More simple and effective for clients
Luc Gibour's testimony
The Mutuelle Nationale des Hospitaliers (MNH) is a long-standing player in the health and contingency sector, and provides insurance services to more than one million policyholders. The company has been swept by a cultural revolution in recent years, and senior management has revised the company's key processes in close cooperation with shop floor teams. The goal is to decompartmentalise the company in order to enhance its operational efficiency and give full customer satisfaction. Luc Gibour, Deputy Managing Director of MNH, explains more.
The project is not called "Operational efficiency" by accident. Its purpose is to bring all of MNH's activities under a continuous improvement umbrella as part of a customer-centred approach. "In the early 2010s, the company had a silo mind-set. Each main department had a set of tasks and mainly worked within their scope of responsibility. Fairly logically, when we launched projects requiring a cross-functional approach, we realised that these operating practices reduced our effectiveness and could limit our capacity for grow".
MNH launched a project for a trial period in the Customer Services Department, as the primary interface between clients and its sales force, on the one hand, and the operational implementation of its policies on the other.
The first Percée ("breakthrough") in the process came with a three-day exercise designed to eliminate waste and simplify tasks for teams and customers.
"With help from Quaternaire, we unpacked each stage in the policy underwriting process, from the customer to the policy manager, by teaming up our employees with contacts who, in hospitals, act as our go-betweens with policyholders and prospects; we even involved a customer panel in the process". This participatory method marked a break with MNH's conventional modus operandi, and reflects how it hopes to operate in the future: innovative, dynamic and responsive, with quick results.
A total of thirty people spent three days challenging and remodelling MNH's work processes. "We organised as many workshop as there were stages in the process, and each sub-group took part in all of the workshops": this major undertaking enabled participants to discuss ideas, challenge each other and identify best practices and practices without added value and lastly to formalise the most effective process for the customer. "This working method raised people's awareness of the challenges we all face and the role they play in achieving the common goal.
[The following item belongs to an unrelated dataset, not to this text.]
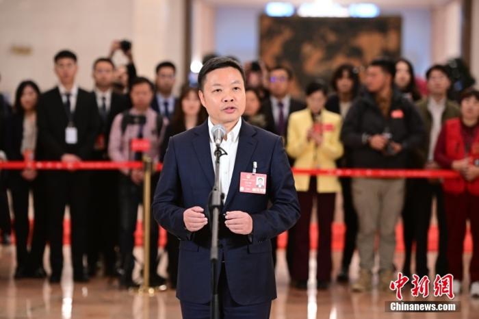 全國人大代表、廣東小鵬汽車科技有限公司董事長(zhǎng)何小鵬接受采訪。中新社記者 田雨昊 攝

Our aim was to modernise and decompartmentalise our practices, and this is what we achieved. We wanted tangible outcomes, and that's what we got, particularly in terms of service quality and financial gains". For example, the registration period for a new policy was cut by seven days by eliminating needless toing-and-froing between departments. Another example is the redirection of time released (equivalent to 2.2 FTE) to tasks with higher added value, such as outgoing calls to maintain our customer relations.
Examples of Underwriting process gains
- New policy registration period: reduced by 7 days
- Savings: €166,000
- Time released: 2.2 FTE
- Payment period: 3 days instead of 5
Shared success
After seven months of effort by teams, the work done and results obtained were presented to head office employees. "Our business plan is implemented in close cooperation with shop floor teams; their ownership of this project is the key to its success. The one-day event in January, attended by over 300 employees, was an opportunity to highlight the progress made and to encourage as many people as possible to support the continuous improvement approach."

Visual Management: day-to-day continuous improvement
Six months later, Visual Management was implemented in three policy units and the payment recovery unit. "Visual Management is a means by which process-improvement approaches are applied on a day-to-day basis. Event rituals are used to source suggestions within individual departments. This approach improves our effectiveness: it embeds continuous improvement as a reflex, to the benefit of customers."
Building on the success of the policy underwriting project, senior management decided to extend these breakthroughs to Contacts and Purchasing, and to equip the Information Systems Department with a Visual Management approach.
"The method is being taken up across the company: we've been getting a lot of requests from operational departments - that's the price of success!"
And the cultural revolution has only just begun. According to Luc Gibour: "We need to work within a timeframe and to extend this problem-solving method to the whole company, driven by a genuine determination on the part of the company to implement the solutions of people engaged in the processes on a day-to-day basis in order to improve MNH's overall efficiency. That's what senior management is committed to doing." Following a recent acquisition by MNH, for example, the company expects to "apply the Percée method to strengthen synergies between us, the parent company, and the subsidiaries that have joined us. We don't have the same services but we work with the same clients. We really need to clarify our practices to produce the added value expected when we made these acquisitions. To this extent, the process we have initiated is a lever for developing our cultures and a key driver of added value in our market!"
MNH Group
The world's first health and social insurance company, MNH (Mutuelle Nationale des Hospitaliers) has more than one million policyholders, health and contingency combined. Founded in 1960, it now employs 940 people throughout France and has a turnover of nearly €700 million.